JLH: Welcome to UWaterloo. You have an interesting position, in that you will be teaching in English as well as the Arts First Initiative.  Do you anticipate any differences?
SD: Thanks — I’m really looking forward to this upcoming year! I do think that there will be significant differences in my experience with the English classroom and the Arts First classroom at UWaterloo. The most important difference that I anticipate is the fact that Arts First is focused specifically on first-year students who are just beginning to navigate their postsecondary education and may not know what discipline they want to pursue. This will require me to introduce concepts related to the fields that we associate with English at UWaterloo, as well as provide a sustained focus on the process of engaging with these concepts in an academic setting. As a result, my Arts First classrooms will spend a lot of time drawing out critical thinking and analysis of texts and ideas, and how this can be accomplished through both writing and — gasp — presentation. In the English classroom, at least for non-academic writing courses, there will be less emphasis on strengthening skills and “finding one’s voice” in the same kind of way. Because we can focus less on adjusting to the academic context, my content-driven English courses will more deeply engage with theoretical concepts and close reading of texts (literary, filmic, or otherwise) in light of the unique expertise that students bring to these materials.

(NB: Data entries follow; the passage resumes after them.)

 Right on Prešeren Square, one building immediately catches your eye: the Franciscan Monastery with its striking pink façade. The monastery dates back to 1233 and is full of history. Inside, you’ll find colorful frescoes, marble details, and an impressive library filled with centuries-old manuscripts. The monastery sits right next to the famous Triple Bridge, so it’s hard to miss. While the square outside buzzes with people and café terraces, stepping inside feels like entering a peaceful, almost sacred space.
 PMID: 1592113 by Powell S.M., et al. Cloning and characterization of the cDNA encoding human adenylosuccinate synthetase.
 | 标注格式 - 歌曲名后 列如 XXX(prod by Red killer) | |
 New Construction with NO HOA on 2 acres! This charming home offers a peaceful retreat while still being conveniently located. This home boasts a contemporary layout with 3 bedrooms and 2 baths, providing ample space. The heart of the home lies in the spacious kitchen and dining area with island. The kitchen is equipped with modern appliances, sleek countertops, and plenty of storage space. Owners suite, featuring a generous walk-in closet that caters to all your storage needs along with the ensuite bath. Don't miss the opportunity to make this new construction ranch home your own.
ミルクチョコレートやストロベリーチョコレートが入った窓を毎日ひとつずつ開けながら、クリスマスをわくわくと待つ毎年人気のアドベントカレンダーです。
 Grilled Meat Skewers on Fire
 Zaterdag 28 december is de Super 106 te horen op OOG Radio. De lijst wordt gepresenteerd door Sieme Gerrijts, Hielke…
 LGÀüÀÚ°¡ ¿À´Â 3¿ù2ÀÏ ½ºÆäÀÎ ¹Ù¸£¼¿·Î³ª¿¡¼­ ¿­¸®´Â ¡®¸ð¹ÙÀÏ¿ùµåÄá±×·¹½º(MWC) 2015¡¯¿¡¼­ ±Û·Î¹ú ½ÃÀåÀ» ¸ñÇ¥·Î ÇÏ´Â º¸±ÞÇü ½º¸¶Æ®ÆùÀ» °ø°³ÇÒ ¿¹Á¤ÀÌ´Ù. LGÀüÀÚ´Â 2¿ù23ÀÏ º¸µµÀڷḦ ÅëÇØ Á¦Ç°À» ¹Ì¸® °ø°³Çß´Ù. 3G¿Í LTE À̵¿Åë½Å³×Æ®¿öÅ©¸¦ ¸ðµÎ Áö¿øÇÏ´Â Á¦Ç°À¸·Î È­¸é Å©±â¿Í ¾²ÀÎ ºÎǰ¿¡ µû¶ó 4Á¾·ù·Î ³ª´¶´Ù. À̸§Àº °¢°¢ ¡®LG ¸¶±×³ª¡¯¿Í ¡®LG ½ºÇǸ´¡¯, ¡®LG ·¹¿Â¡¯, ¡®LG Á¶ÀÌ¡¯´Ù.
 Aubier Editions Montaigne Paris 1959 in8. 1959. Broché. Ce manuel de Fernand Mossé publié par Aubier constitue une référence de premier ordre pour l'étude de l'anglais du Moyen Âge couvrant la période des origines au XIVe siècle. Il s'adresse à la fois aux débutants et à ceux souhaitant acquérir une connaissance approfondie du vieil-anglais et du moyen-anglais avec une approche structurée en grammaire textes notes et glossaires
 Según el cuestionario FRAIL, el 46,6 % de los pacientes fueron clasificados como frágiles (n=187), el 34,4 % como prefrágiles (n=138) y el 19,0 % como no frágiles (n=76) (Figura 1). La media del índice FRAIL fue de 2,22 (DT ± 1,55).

JLH: You have significant experience teaching academic writing at different levels: what has been the most rewarding part of that for you?
SD: In order to answer that question, I think that I need to refer to the phrase just mentioned in my last response: the most rewarding part of teaching academic writing is helping students “find their voice” in an academic context that may initially seem alienating or, at the very least, impersonal and strange. I have worked with students at all levels of their academic careers, from first-year students to PhD candidates, and I have noticed that while students at these different stages face different challenges, there is a resounding similarity in the struggles surrounding “academic” writing. For example, writers at all levels will face, at some point, writer’s block or just a feeling of not being able to write anything coherently. In my experience (with my own writing and in guiding other people’s writing), these issues arise due to the anxiety that occurs as people push themselves beyond their comfort zones, as they engage with new ideas and incorporate them with their own perspectives. Instead of ignoring this uncomfortable feeling, I encourage students to embrace it, as it is my belief that the discomfort and insecurity that accompanies this stage of inquiry is an important part of growing as a writer and a scholar. “Finding one’s voice,” then, becomes more than one’s writing style (although, of course, this is fundamental!), but to embrace all the aspects (both positive and negative) that make someone a unique and important contributor to knowledge — and when somebody “gets” that, it is a nice thing to see.

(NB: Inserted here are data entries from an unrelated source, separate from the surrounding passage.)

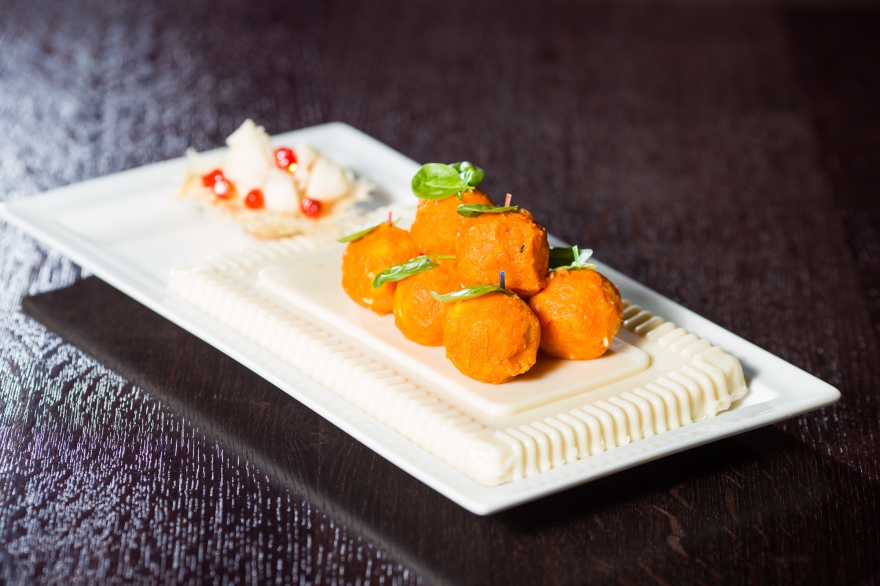 Из творожной массы сформировать небольшие шарики массой 20-25 грамм и обвалять их в натертой моркови.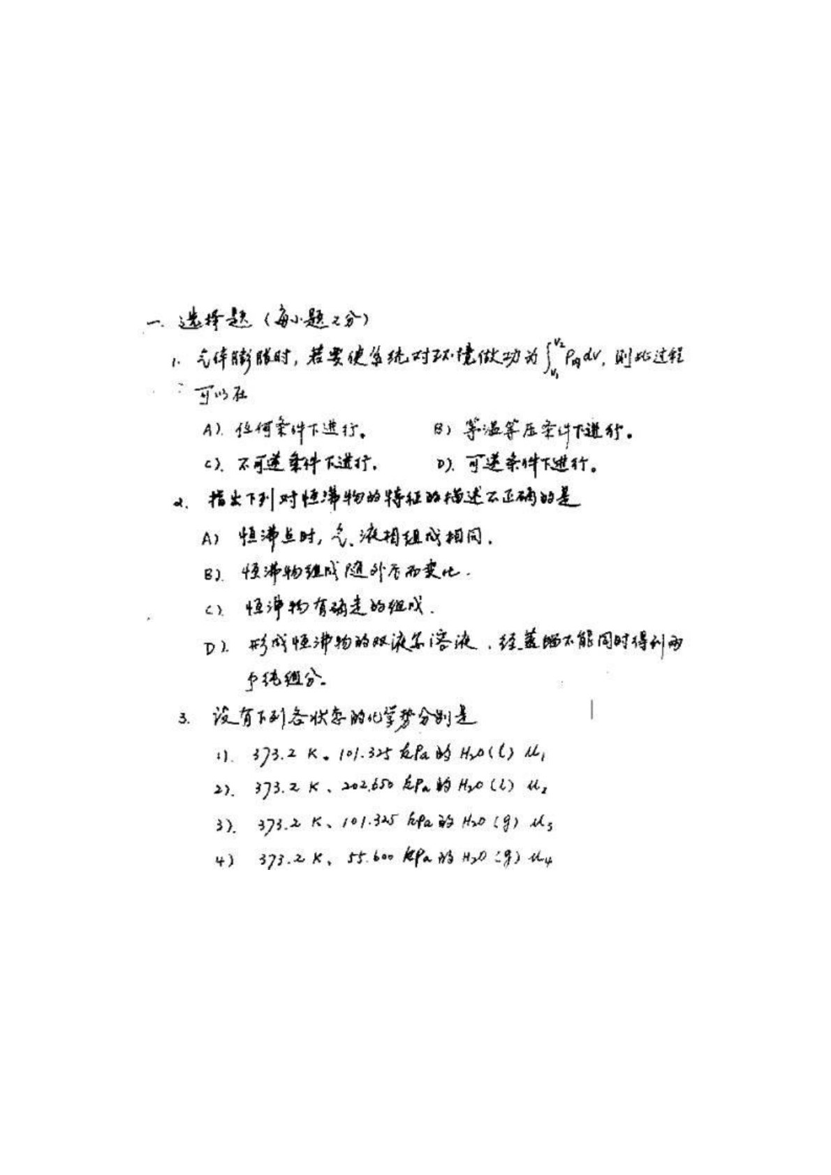 华东师范大学640普通化学原理一2018年真题(物理化学)(手写版)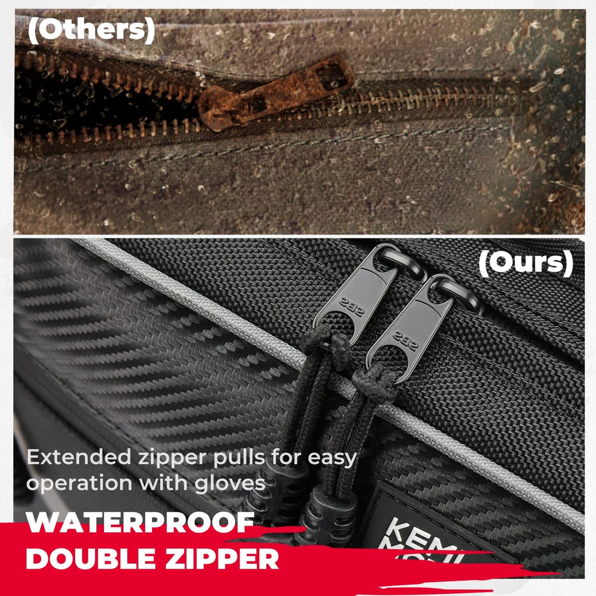 - Waterproof Double Zipper: These lower door bags are designed with a double-ended waterproof zipper. Extended zipper pulls for easy operation with gloves. With 1680D water-resistant material, so mud and rain do not easily penetrate the bag.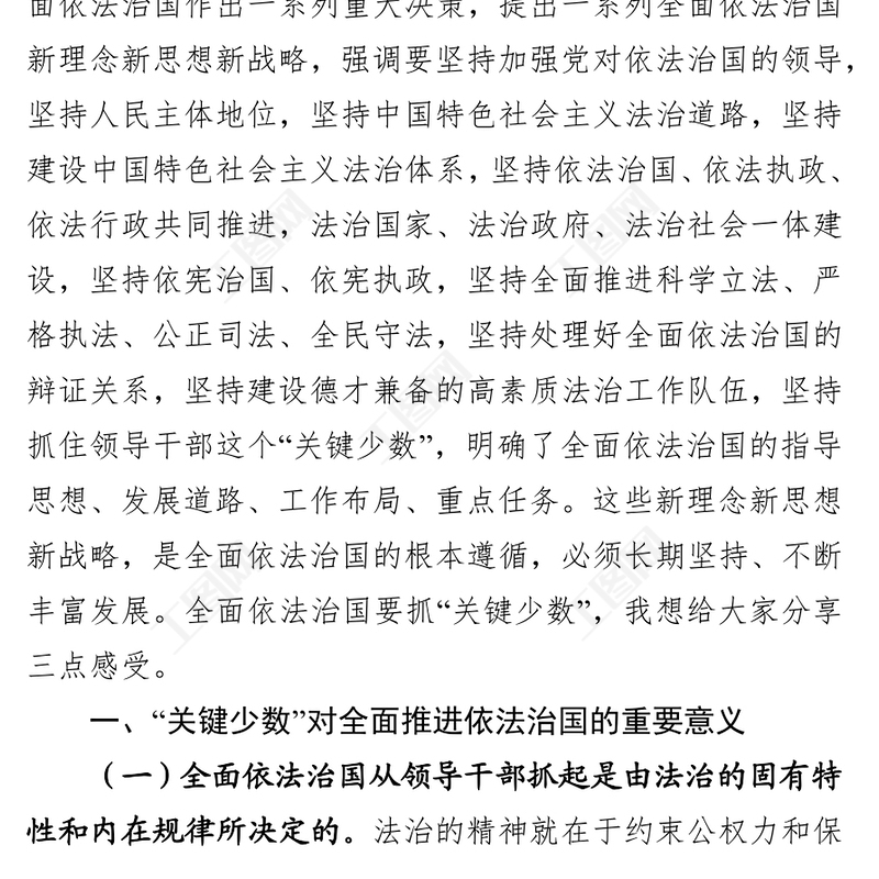 黨員領導學習《推進全面依法治國,發揮法治在國家治理體系和治理能力現代化中的積極作用》心得體會包含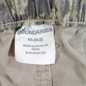 Boundaries women’s camouflage cargo pants in size XS (fits approx. women’s 0–2). These utility-style pants feature an elastic waistband for comfort and easy fit, along with multiple cargo pockets for function and storage. Made from a cotton-spandex blend, offering slight stretch while remaining durable.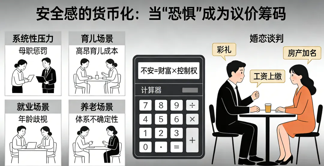当代中国的婚恋谈判桌上,一种新的逻辑正在悄然取代传统的情感与承诺。婚姻,这一被视为爱情归宿的社会制度,正被越来越多地操作为一场针对个人系统性风险的“折现”与“转嫁”交易。本系列旨在剖析这一扭曲逻辑的形成、运作及其荒诞后果。一、安全感的货币化:当“恐惧”成为议价筹码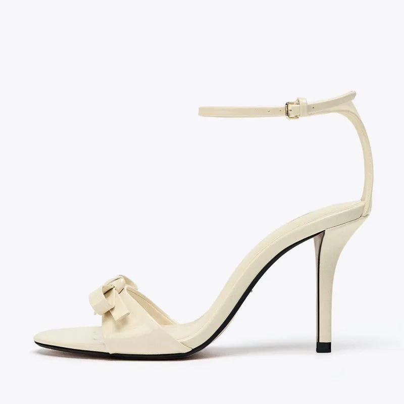Beige Bow Designer Shoes Ankle Strap Heeled Sandals Women Elegant Patent Leather Thin High Heels Party Shoes Sandalias De Mujer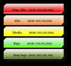 El análisis de amenazas, peligros, vulnerabilidad y riesgos, es representado en cinco rangos cualitativos, mencionando los valores mínimos y máximos entre cada rango. El mapa indica las zonas de vulnerabilidad en rojo, verde y amarillo, es decir, se emplea el código internacional de colores para tráfico vehicular, añadiéndose el naranja, entre el rojo y el amarillo; y el verde claro entre el amarillo y el verde. Se utilizará la siguiente combinación de colores para su correcta representación cartográfica (RGB = Red-Green-Blue):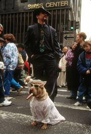 USA. New York City. 1994. Dog in costume at the Easter Parade...
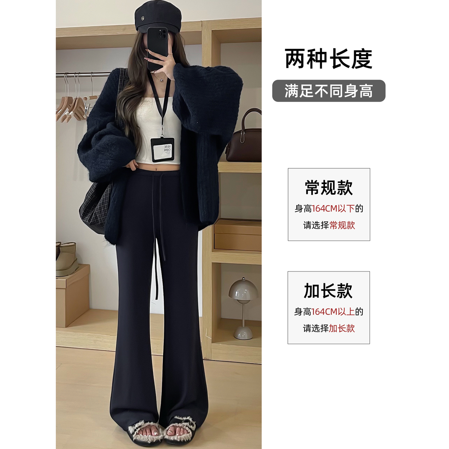 女春秋新款 休闲直筒慵懒松弛感裤 高腰垂感窄版 裤 子 西装 黑色阔腿裤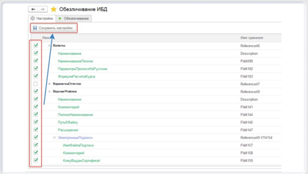 В тестовой базе, для которой выполняется процедура обезличивания, запускается обработка «Обезличивание ИБД». На вкладке «Настройки» специалист отмечает объекты, строковые реквизиты, табличные части и строковые реквизиты табличных частей, которые должны быть обезличены. Сформированный список сохраняется в файл кнопкой «Сохранить настройки» — для последующего использования.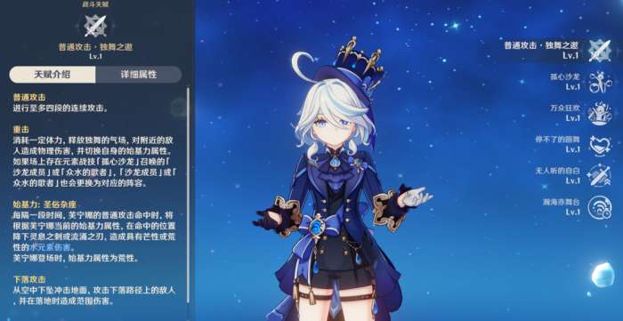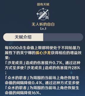 芙宁娜的天赋中只有增加伤害的属性,她自身的攻击伤害非常低,即使天赋加成后也不明显改善,同时,回复能力间隔时间也不实用,完全没有必要努力达到满值。此外,芙宁娜的天赋给出的数值也非常低,让人很不满意。

JLH: Can you tell us a bit about your academic research, and how you might bring it into the classroom?
SD: In a general sense, I have been (and continue to be) interested in the postwar (1945-1970) period in the US. It was such a fascinating time period due to the seismic social, cultural and economic shifts that occurred in what must have seemed like an instant. It is also fascinating because these changes and their aftereffects still resonate in the 21st century. But what I have been primarily interested in researching are the ways that representations of the rural, white, working-class were (are) used to help make sense of these changes. The similarity of these postwar representations across journalism, the social sciences, literature, film, and popular culture is very striking; it is almost as if this demographic became one of the important characters in the narratives of progress and development that were propagated across the postwar. However, while I love to talk about this specific time period and this particular kind of representation in my courses, I can’t always do so given the mandate of a given course. But what I concretely bring into my classroom from my research is an emphasis on the usefulness of interdisciplinarity in helping us understand the many layers of a society through its different kinds of “texts.” Through this emphasis, I also try to highlight how different disciplines speak to and strengthen each other.

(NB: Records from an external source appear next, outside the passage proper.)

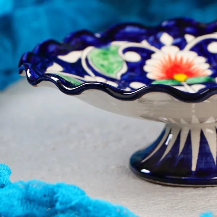 Конфетница Риштанская Керамика "Цветы", 14 см, синяя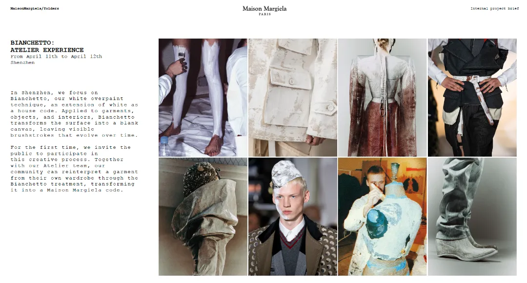 深圳,Bianchetto——white overpaint technique,也就是白色覆盖漆工艺。它处理的不只是表面,更关乎表面与时间的关系。涂层覆盖之后,磨损、裂纹、使用痕迹会缓慢浮现,像一次延迟显影。此次工作坊首次邀请公众带着自己的衣物进入这一过程,Maison Margiela的code 因而从成品层面转入经验层面,成为一种可以被触发的方法。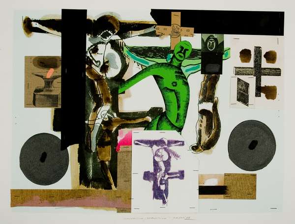 Concetto Pozzati Crocefissioni/Deposizioni – 2006 collage su cartoncino cm. 57x76 Firma in basso al centro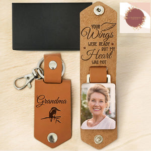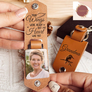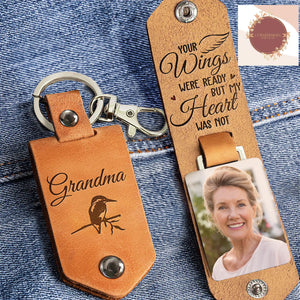 Your Wings Were Ready But My Heart Was Not Personalized Photo Leather Keychain, Memorial Gift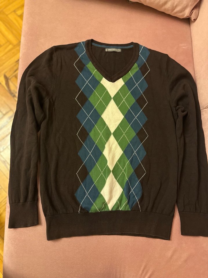V yaka, kahverengi örgü erkek kazak, önden renkli argyle desenli, rahat ve şık sokak stili için uygun. Ürün tertemiz sorunsuz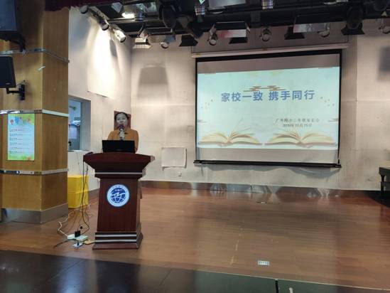 本次家长会分为两个部分。第一部分,全年级家长在云山礼堂集合,由吴玉爱校长、郑文静主任、刘靖老师给家长汇报本学期学校的工作。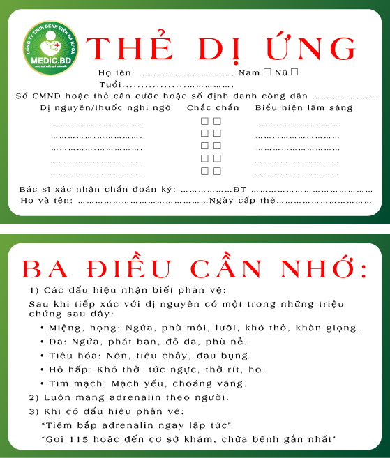 Hãy sử dụng thẻ dị ứng để đồng hành cùng nhân viên y tế trong việc kiểm soát các phản ứng dị ứng của thuốc có thể gây ra trong quá trình sử dụng...!!!

JLH: Many academics find their interests either shift post-dissertation, or broaden. Has this been the case with you?
SD: Absolutely! There is a lot of unfinished business that I feel I could only touch upon in my dissertation and wanted to explore further. For example, in my dissertation, I was very much concerned with isolating a potential counter-narrative to the discourse that pushed a very specific kind of “American-ness” that seemed to be largely defined through a middle-class sub/urban lens. I want to further understand how this narrative/counter-narrative continues to influence the US in the late-20th/early-21st century, and more recently, I have pursued this interest through analyzing the ways that film engages with the larger socioeconomic shifts occurring in rural areas in the 1980s and 1990s. I also think things in this arena have gotten infinitely more complicated in the last five years, and I am only starting to touch on that topic. I have also found that, because of my focus on teaching across disciplines and the time that is required to organize different kinds of classrooms, I have become fascinated by some topics that are quite different from what I originally started researching. For example, I am currently investigating the work of the postwar painter and writer Rosalyn Drexler, something that is certainly adding to the quilt of texts that I am using to understand the importance of the postwar period. And, finally, I want to embark on a new scholarly avenue that considers the role of interdisciplinary pedagogy in the 21st century university. This scholarly interest is very much inspired by my experience of teaching in different places, across different disciplines, in the last ten years.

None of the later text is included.